Today, you celebrate reaching the ripe old age of F I V E. Where on earth did all the time go?! Mummy wishes there was a stop button I could press, to freeze and hold on to precious moments – too many of them to count – but there just isn’t one. All I can do is to be thankful for every single moment that we have spent laughing, crying, fighting and hugging each other.

Last night, I crept into your room to watch you sleep. I find myself doing that more and more these days, when the problems and struggles of little-boys-growing-up are no longer issues to be glossed over in a single heart-to-heart talk. So many little and big things weigh on my heart, for you and your kor kor, and it is only in the quiet of night that I can look at your sweet sleeping profile, sit by your bed and pray for you. Praying, too, that your daddy and I will have the wisdom and insight to know how to parent you and your brother, two completely different personalities, whom He has brought into our lives to cherish and cheer on.

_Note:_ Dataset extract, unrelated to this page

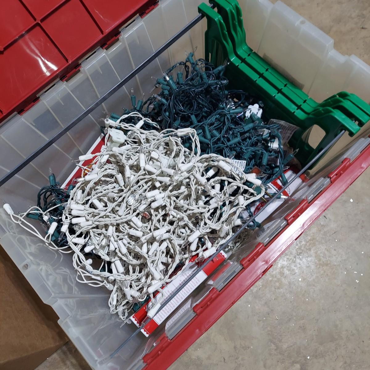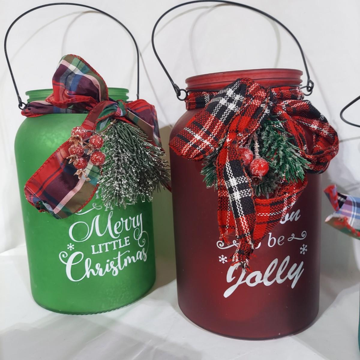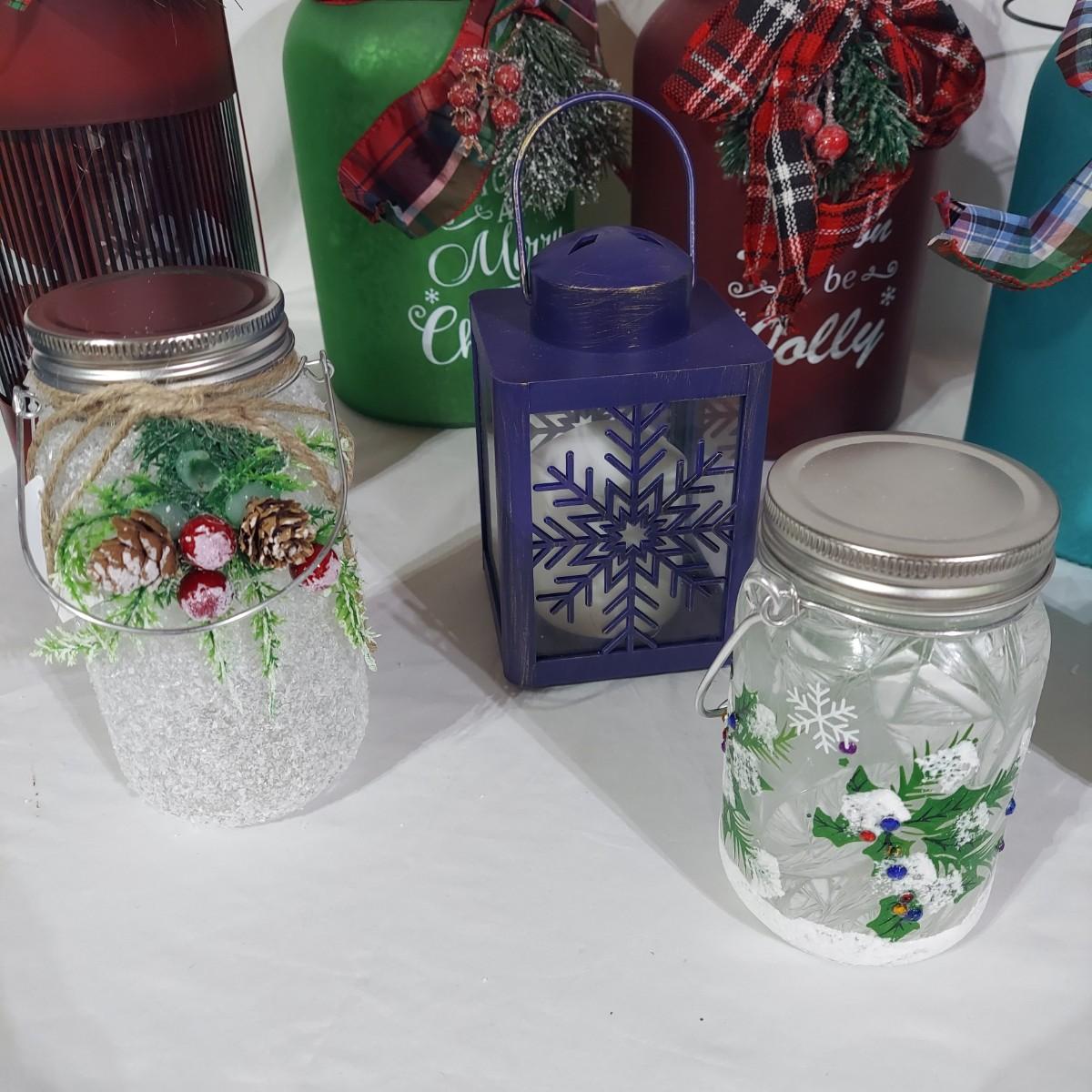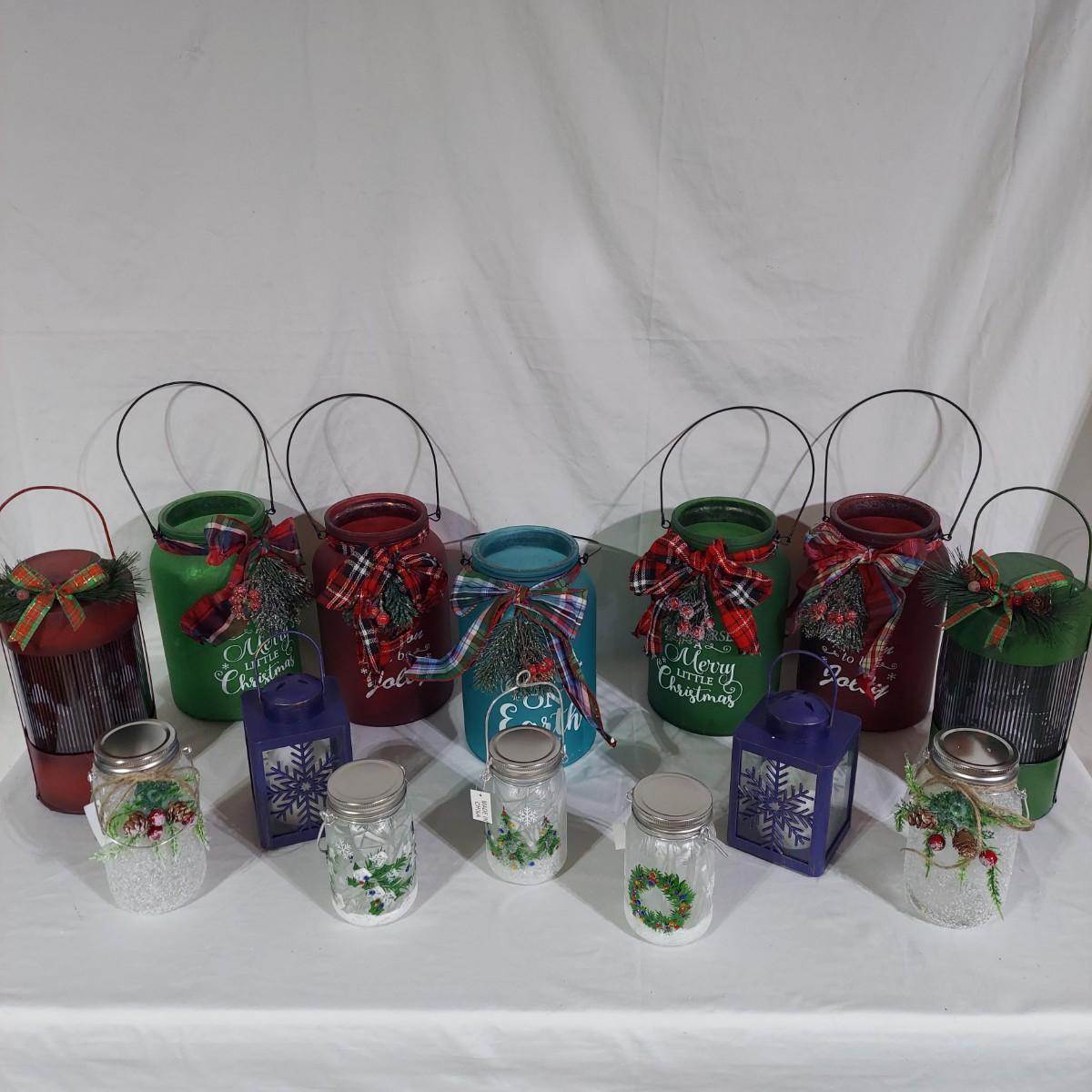Lot includes several glass jar style lanterns in varying sizes. Most have led twinkle packs inside. Also included are many strands of led twinkle lights and standard holiday strand lights. There are two boxes of lanterns, one box of led lights and one bin of string lights. String lights were plugged in and powered on. Please see photos for details. Local Pickup Only

Your teacher told me today that you are a “lovely” boy. You exasperate them endlessly with your running around and short attention span, then you charm them with your sweet hugs and smiles. You can be a tad too rough at play (thanks to the kind of antics you and your kor kor get up to at home I suppose), yet you cry when your friends are fighting or hurt each other. You are equal parts feisty and affectionate, a beautiful bundle of contradictions.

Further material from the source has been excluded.